Stocking Stuffer: The Grateful Dead, Dick's Picks, Vol. 10: Winterland Arena 12/29/1977
3. Edgar Winter
Edgar has the perfect last name. As for that severely gaunt face and rail-thin frame, the bluesman is a throwback to the aforementioned Saint Nicholas, who had none of the bulbous heft of modern-day Santa Claus. Where did this bulbous heft originate? Well, it's primarily an American concoction, it seems. This shouldn't come as any surprise, seeing as how we're also the country that invented the KFC Famous Bowl.
Stocking Stuffer: Edgar Winter, They Only Come Out at Night
4. Leon Russell
Russell gets my vote for the one true Father Christmas of rock 'n' roll. Hell, the guy had a white beard when he was, like, 13. Nowadays, the thing is as blinding white as the green room on the Mad Dogs & Englishmen tour.
Stocking Stuffer: Leon Russell, Carney
5. Brent Hinds
Mastodon guitarist, singer and flaming beardo Brent Hinds looks most like Groundskeeper Willie -- if the irascible Scot had decided to get his body covered in biker ink. But there's another way to approach this: Hinds is a child of heavy metal, and as we all know, the ruling god of heavy metal is none other than Odin, who is considered, in certain Pagan circles, a major influence on the development of the myth of Santa Claus.
Stocking Stuffer: Mastodon, The Hunter
6. Jim Morrison
The genius of Billy Bob Thornton in Bad Santa is in the way he didn't actually portray Santa, but Jim Morrison dressed as Santa.
7. Rick Rubin
Rubin is kind of like Buddha meets Father Christmas. The guy's chakras are so exquisitely tuned that nothing seems to ever phase him. Moreover, he produced one of the greatest holiday singles of all time: Run-D.M.C.'s "Christmas in Hollis."

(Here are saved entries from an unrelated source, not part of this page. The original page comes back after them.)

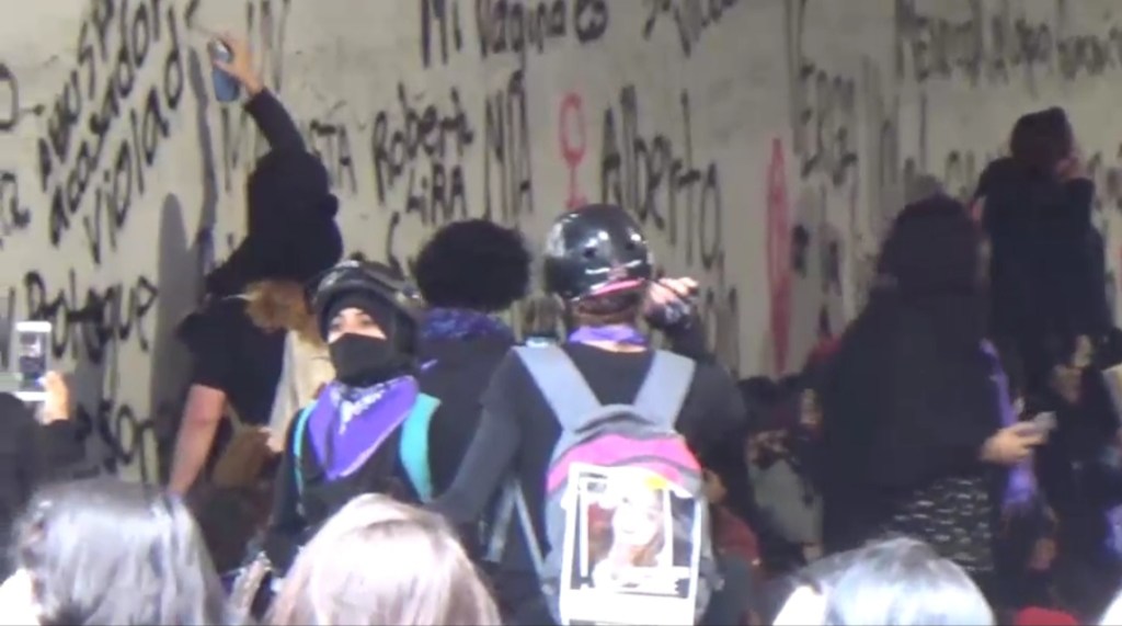Gritando consignas por las víctimas de feminicidios y el acoso y abuso policial las feministas se manifestaron con pancartas también en reconocimiento por las víctimas de desaparición forzada; a su paso por el edificio de la Secretaría de Seguridad Pública rompieron las ventanas y lanzaron gas al interior.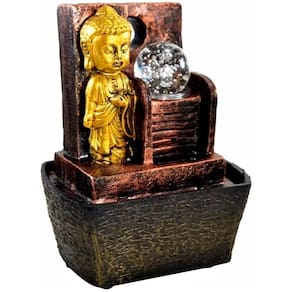 Fonte De Água Cascata Buda Dourado Em Resina Bivolt - Fonte Dágua decorativa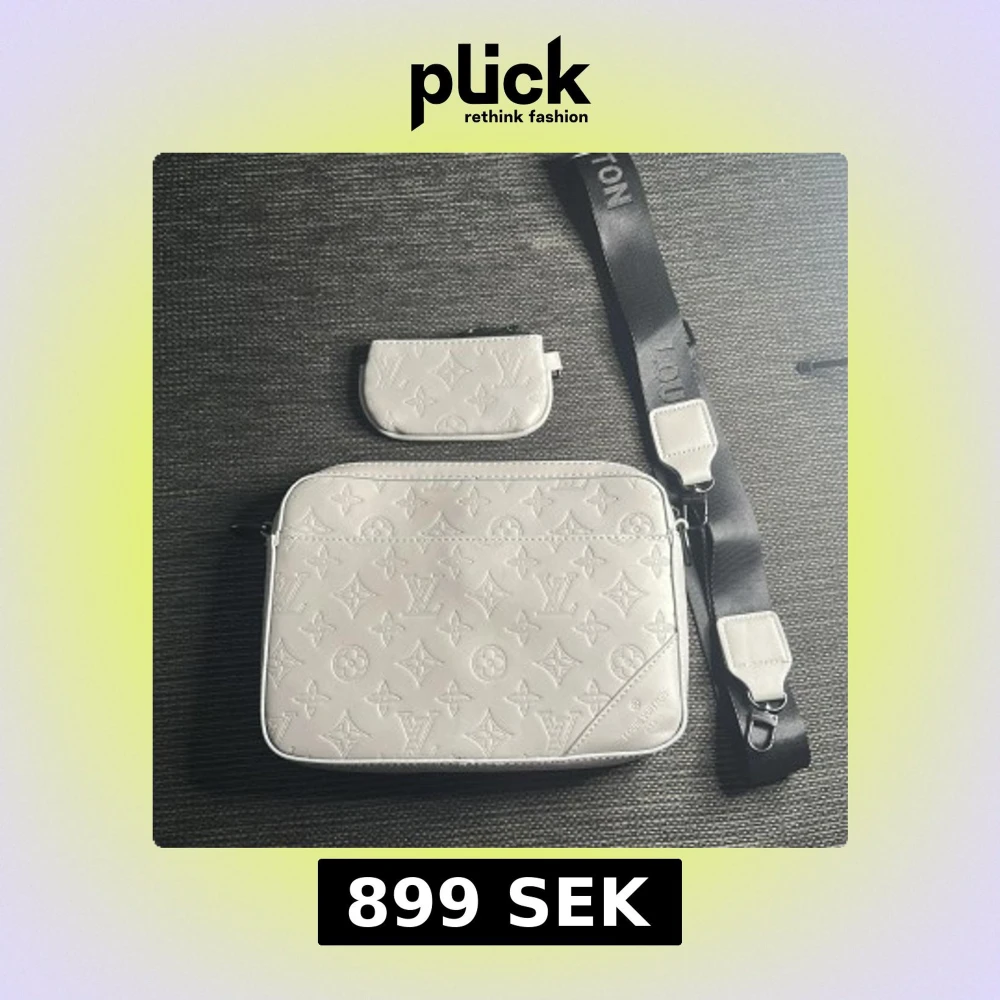 Snygg vit axelväska i skinn med klassiskt monogrammönster. Väskan har en bred svart axelrem och matchande liten plånbok. Perfekt för dig som vill ha en stilren och lyxig accessoar med ikonisk design.
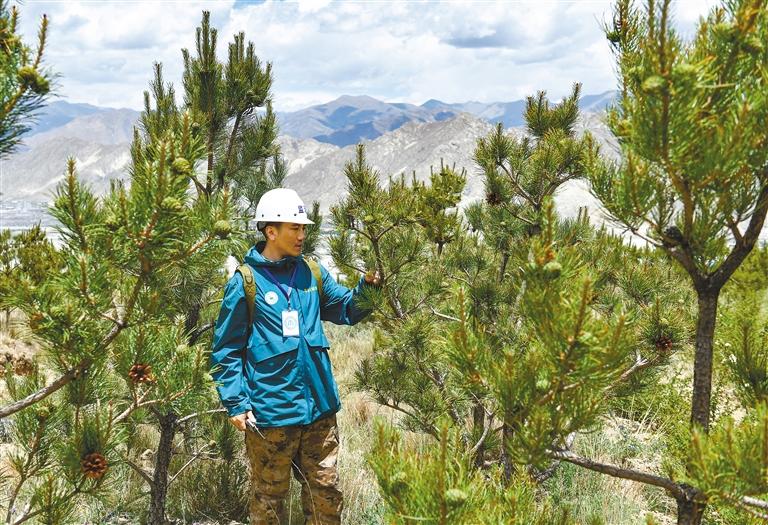 工程的綠意還延伸至拉薩貢嘎機場周邊的山體,山南市林草局林業和草原有害生物防治站檢疫員次仁羅布在造林現場進行苗木復檢工作,復檢結果顯示這批苗木的成活率達到92%。“這里是走出貢嘎機場的第一站,旅客們可以直接看到我們種下的綠色,很有意義。”次仁羅布說。

Remember that flick The Boys from Brazil? A leftover cadre of Nazi power elite, hiding in the Amazon forest in the decades following World War II, creates baby clones of Hitler in an attempt to bring about the second coming of the Führer. Swap Nazis for elves and Hitler for Santa, and you have Cincinnati's Buffalo Killers. All three resemble clones of a twenty-something Kris Kringle.
Stocking Stuffer: Buffalo Killers, 3
Mick Fleetwood is the gentleman's Santa Claus: tall, distinguished and well groomed. But then again, Santa never romped with a witchy woman like Stevie Nicks.
10. William Lee Golden
Yes, The Oak Ridge Boys aren't rockers. But if you're like me and came of age in the 1980s, then William Lee Golden's gloriously flowing beard was permanently burned into your memory via those commercials hawking the group's greatest-hits package for "just $19.99" (available on vinyl, cassette or eight track). Those ads were weird. I never understood why Golden held his microphone so far from his mouth. Did he possess a more powerful and robust voice than his fellow Oak Ridge Boys? Was he afraid of his beard getting caught in the mic head?